Location
- Country: Canada
- Province: British Columbia
- District: Cassiar Land District

Physical characteristics
- Source: Big Raven Plateau
- • location: Tahltan Highland
- • coordinates: 57°37′08″N 130°39′09″W﻿ / ﻿57.61889°N 130.65250°W
- • elevation: 1,870 m (6,140 ft)
- Mouth: Mess Creek
- • coordinates: 57°41′53″N 130°57′35″W﻿ / ﻿57.69806°N 130.95972°W
- • elevation: 558 m (1,831 ft)
- Length: 25 km (16 mi)
- Basin size: 159 km^{2} (61 sq mi)
- • average: 4.32 m^{3}/s (153 cu ft/s)

Basin features
- • right: Sezill Creek
- Topo map: NTS 104G10 Mount Edziza

= Taweh Creek =

Taweh Creek is a tributary of Mess Creek, which in turn is a tributary of the Stikine River in northwest part of the province of British Columbia, Canada. It flows generally northwest for about 25 km to join Mess Creek about 15 km northwest of Mess Creek's confluence with Raspberry Creek. Taweh Creek's watershed covers 159 km2 and its mean annual discharge is estimated at 4.32 m3/s. The mouth of Taweh Creek is located about 25 km southeast of Telegraph Creek, about 60 km west-southwest of Iskut and about 100 km southwest of Dease Lake. Taweh Creek's watershed's land cover is classified as 41.3% barren, 21.1% shrubland, 20.7% conifer forest, 8.4% herbaceous, 8.1% snow/glacier, and small amounts of other cover.

Taweh Creek is in Mount Edziza Provincial Park which lies within the traditional territory of the Tahltan people.

==Geography==
Taweh Creek originates on the southern end of the Big Raven Plateau. From its source just south of Mount Edziza between Coffee Crater and Cartoona Peak, Taweh Creek flows about 2 km southwest to the northern base of Keda Cone. It then flows about 3 km west to near the southwestern end of the Big Raven Plateau. From there, Taweh Creek flows about 6 km northwest to Hola Bluff where it flows north-northwest through a valley on the eastern edge of the Big Raven Plateau for an additional 8 km. Taweh Creek then flows about 6 km west through a gorge to empty into Mess Creek.
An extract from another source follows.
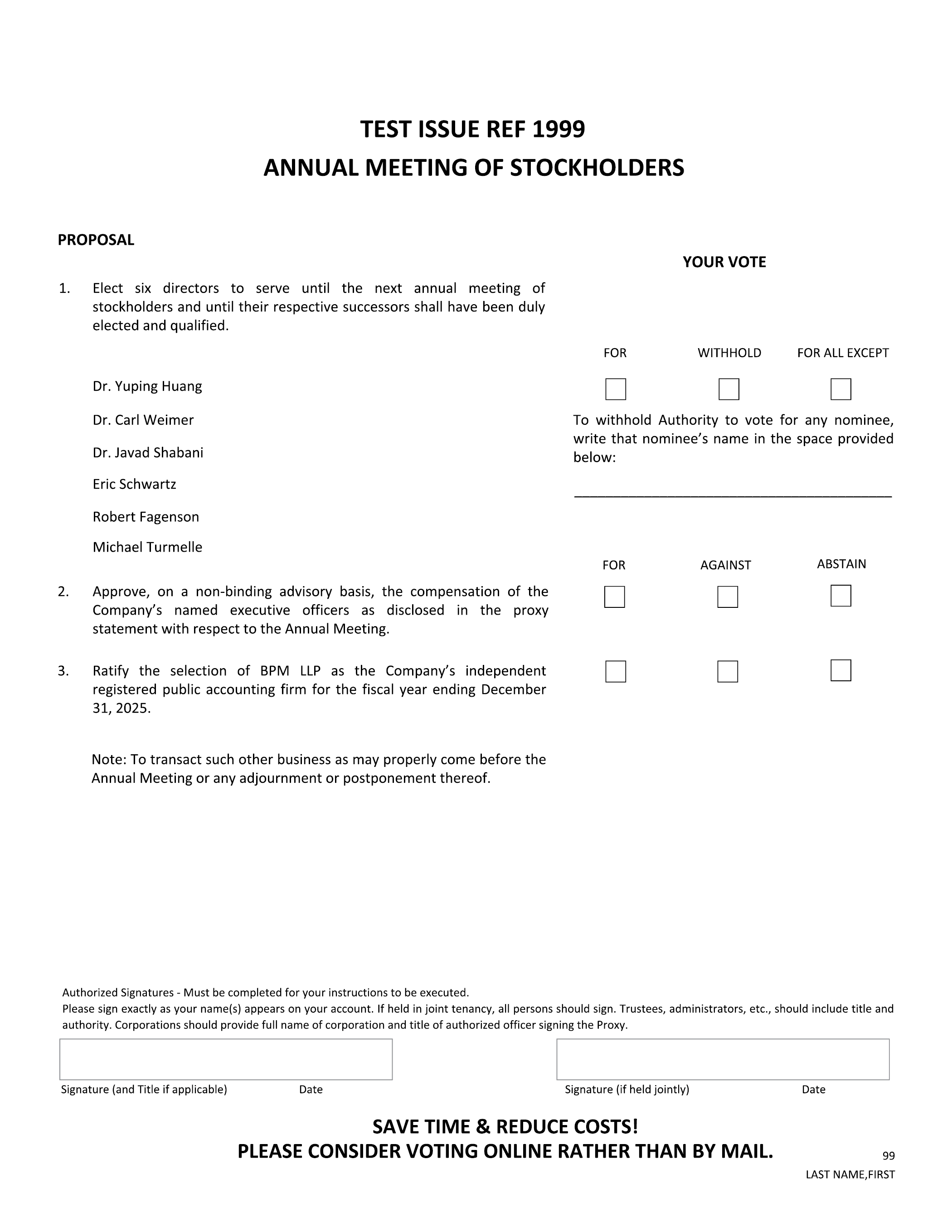 TEST ISSUE REF 1999 ANNUAL MEETING OF STOCKHOLDERS PROPOSAL 1. Elect six directors to serve until the next annual meeting of stockholders and until their respective successors shall have been duly elected and qualified. Dr. Yuping Huang Dr. Carl Weimer Dr. Javad Shabani Eric Schwartz Robert Fagenson Michael Turmelle YOUR VOTE FOR WITHHOLD FOR ALL EXCEPT To withhold Authority to vote for any nominee, write that nominee’s name in the space provided below: AGAINST ABSTAIN 2. Approve, on a non-binding advisory basis, the compensation of the Company’s named executive officers as disclosed in the proxy statement with respect to the Annual Meeting. 3. Ratify the selection of BPM LLP as the Company’s independent registered public accounting firm for the fiscal year ending December 31, 2025. Note: To transact such other business as may properly come before the Annual Meeting or any adjournment or postponement thereof. Authorized Signatures - Must be completed for your instructions to be executed. Please sign exactly as your name(s) appears on your account. If held in joint tenancy, all persons should sign. Trustees, administrators, etc., should include title and authority. Corporations should provide full name of corporation and title of authorized officer signing the Proxy. Signature (and Title if applicable) Date Signature (if held jointly) Date SAVE TIME & REDUCE COSTS! PLEASE CONSIDER VOTING ONLINE RATHER THAN BY MAIL. 99 LAST NAME,FIRST

Taweh Creek's only named tributary, Sezill Creek, is about 6 km east of Taweh Creek's confluence with Mess Creek. It is about 11 km long and flows northwest into Taweh Creek from the western side of Mount Edziza.

==Geology==
Taweh Creek flows from a linear group of volcanoes called the Mount Edziza volcanic complex. As a result, Taweh Creek has been engulfed by tongues of lava from the neighbouring Snowshoe Lava Field. Most of this lava issued from cinder cones but one of the youngest lava flows to enter Taweh Creek originated from a fissure vent known as The Saucer. While the majority of this lava converged into the head of Taweh Creek, some of it formerly extended more than 15 km downstream to near Mess Creek. An erosional remnant of this lava forms the lip of an 18 m waterfall at an elevation of 730 m. The Taweh Creek lava flows are of Holocene age and form part of the Big Raven Formation.

==History==
The historic Yukon Telegraph Trail crosses Taweh Creek in Mess Creek valley. It was built to serve the nearly 3000 km Yukon Telegraph Line which was constructed by the Dominion Government Telegraph Service between 1897 and 1901 to send messages from Ashcroft, British Columbia in the south to Dawson City, Yukon in the north. The telegraph trail crosses other tributaries along the eastern side of Mess Creek, including Crayke Creek about 4 km north of Taweh Creek.

Taweh Creek was formerly called Big Sheep Creek which appeared on a BC Lands map published in 1929. Its current name was suggested by the BC Geographic Division to avoid confusion with other similarly-named features; it first appeared on maps in 1945. Taweh means mountain sheep in the Tagish language.